Kenya's special envoy on climate change recently boasted that our nation was Africa's leader in generating offsets and announced plans for expansion. And at the Africa Climate Summit in Nairobi in September, President William Ruto touted the continent's forests as an "economic goldmine." He now plans to take that message to the United Nations' Climate Change Conference (COP28) in Dubai.

This madness must stop. The global carbon market is a false solution. And in Kenya, it is threatening lives and livelihoods. We call on world leaders gathering at COP28 to condemn President Ruto's evictions of the Ogiek Indigenous Peoples from their ancestral land, and to uphold the rule of law by implementing the African Court's rulings.

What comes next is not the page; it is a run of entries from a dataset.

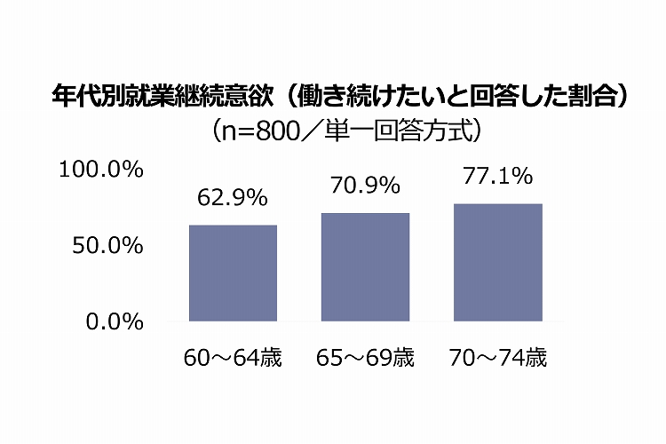 ■年齢が上がるほど就業意欲は上昇(60代前半62.9%→60代後半70.9%→70代前半77.1%)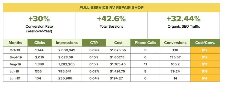 That's exactly what Thrive Internet Marketing Agency did for a full-service RV repair shop in the Dallas/Fort Worth area. The client was in need of a website redesign to capture visitors who wouldn't convert. Thrive analyzed various website elements, like call-to-action buttons and the overall landing page design. By optimizing these elements, Thrive managed to increase conversion rates by 30%.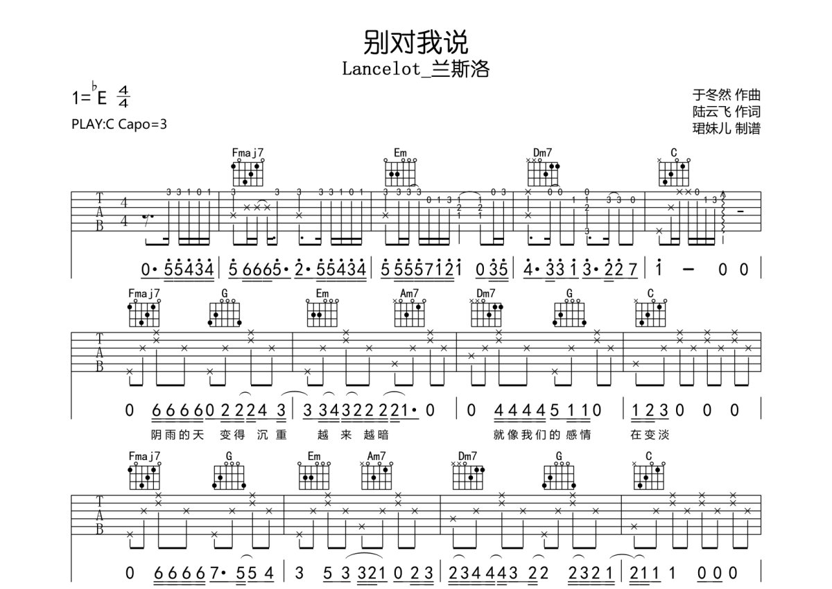 Lancelot_兰斯洛《别对我说》吉他谱 - C调弹唱六线谱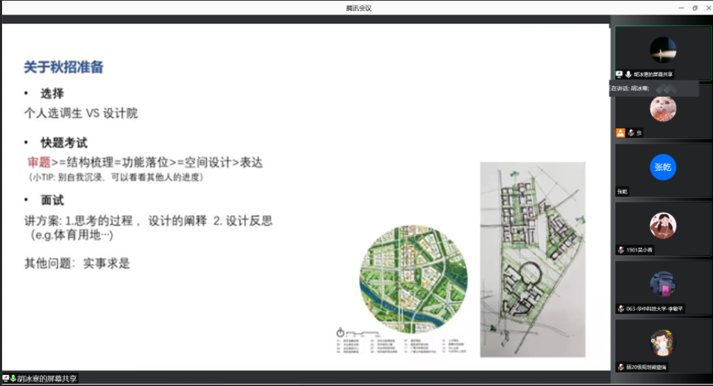 胡冰寒就毕业生们关心的设计院加班强度、出差频率、压力来源、工作氛围和职业理想等问题进行解答,并且将设计院单位进行横向对比。关于秋招,她还介绍了设计院快题和面试备考的经验,同时,细腻的学姐也不忘分享了很多她工作后的小感触。

The Ogiek community—about 50,000 traditional forest hunter-gatherers—has lived in the Mau Forest for thousands of years sustainably beekeeping, gathering medicinal plants, hunting, growing food, and maintaining the forest. While government-sanctioned evictions date back to colonial times, in recent years, forest rangers have grown more violent. Human rights groups have also accused the Kenyan government of selling off acres of forest land to logging companies and tea farmers who have felled thousands of trees.

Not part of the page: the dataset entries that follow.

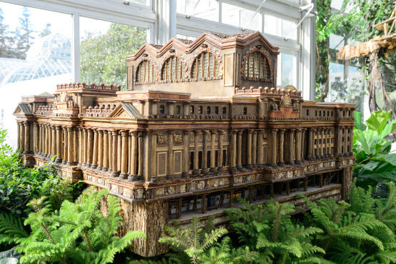 New York Botanik Bahçesi’nde bu yıl 22’ncisi açılan sergi, ziyaretçi akınına uğruyor. Bahçe içinde yaklaşık 560 metrekarelik alana kurulan sergide; ağaç gövdesi, tohumu, kabuğu, yaprakları ve dalları ile kozalaktan yapılmış onlarca binadan oluşan New York kentinin minyatürü yer alıyor.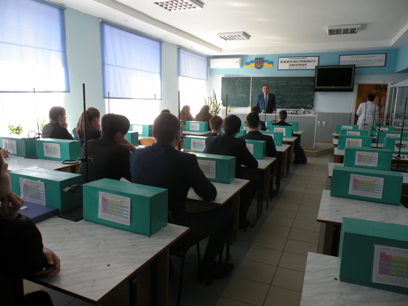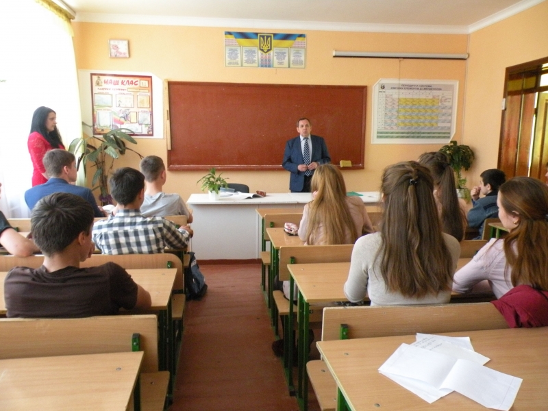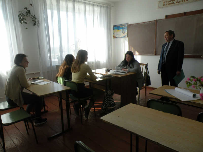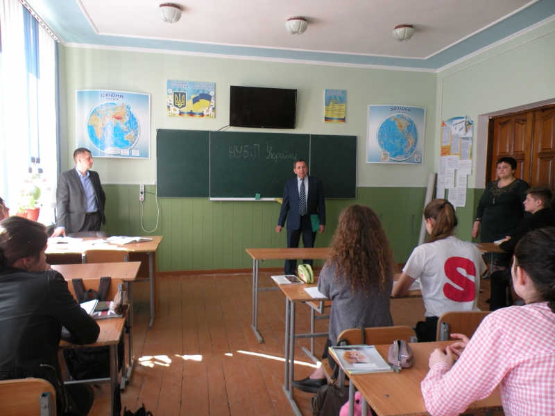 Професор Костюк В.К. знайомить учнів випускного класу Володимирецької загальноосвітньої школи І-ІІІ ступенів №1 з структурою НУБіП України, розповідає про різні спеціальності, якими вони можуть оволодіти у цьому відомому в Україні та за її межами університеті, відповідає на питання учнів та вчителів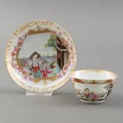 Chinees porseleinen Chine de commande kommetje en schoteltje met famille rose landschapsdecor met twee figuren op de voorgrond, naar Meissen voorbeeld, Qianlong -haarlijnen, randschilfers, beide met rode permanent marker op onderzijde gemerkt '4'-, schoteltje Ø 11,5 cm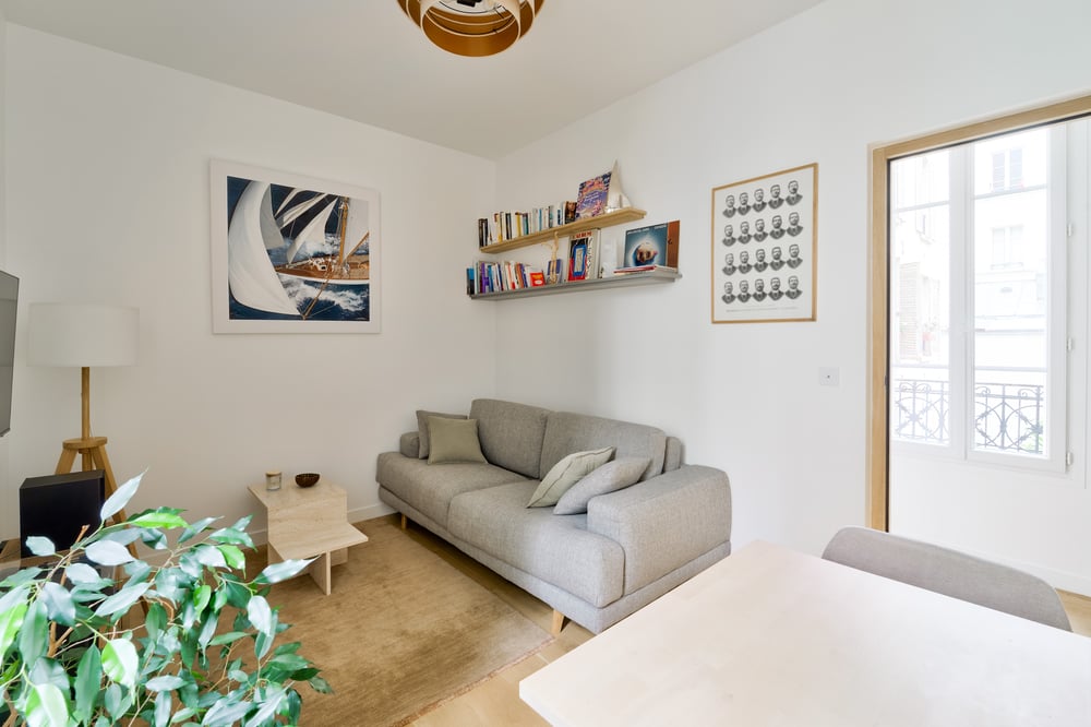 Charmant et calme appartement avec vue sur la cour, comprenant un grand lit double, un canapé-lit, une télévision, un coin repas, une cuisine entièrement équipée et une spacieuse douche à l'italienne. Idéal pour les couples ou les voyageurs solo en quête de confort et de charme parisien.

Starting in 2009, we worked alongside the community to fight back. We brought cases before local courts in Nakuru and Nairobi. After suffering several legal setbacks, we took the fight to the African Court in Arusha, Tanzania. In a landmark ruling on May 26, 2017, the Court found that the Kenyan government had violated the Ogiek peoples' human rights, recognized the Mau Forest as their ancestral land, and affirmed their role in protecting it.

But the harassment continued. In the summer of 2020, amidst the COVID-19 pandemic, forest rangers evicted hundreds, alleging the Indigenous community had set up illegal settlements and were depleting the forest.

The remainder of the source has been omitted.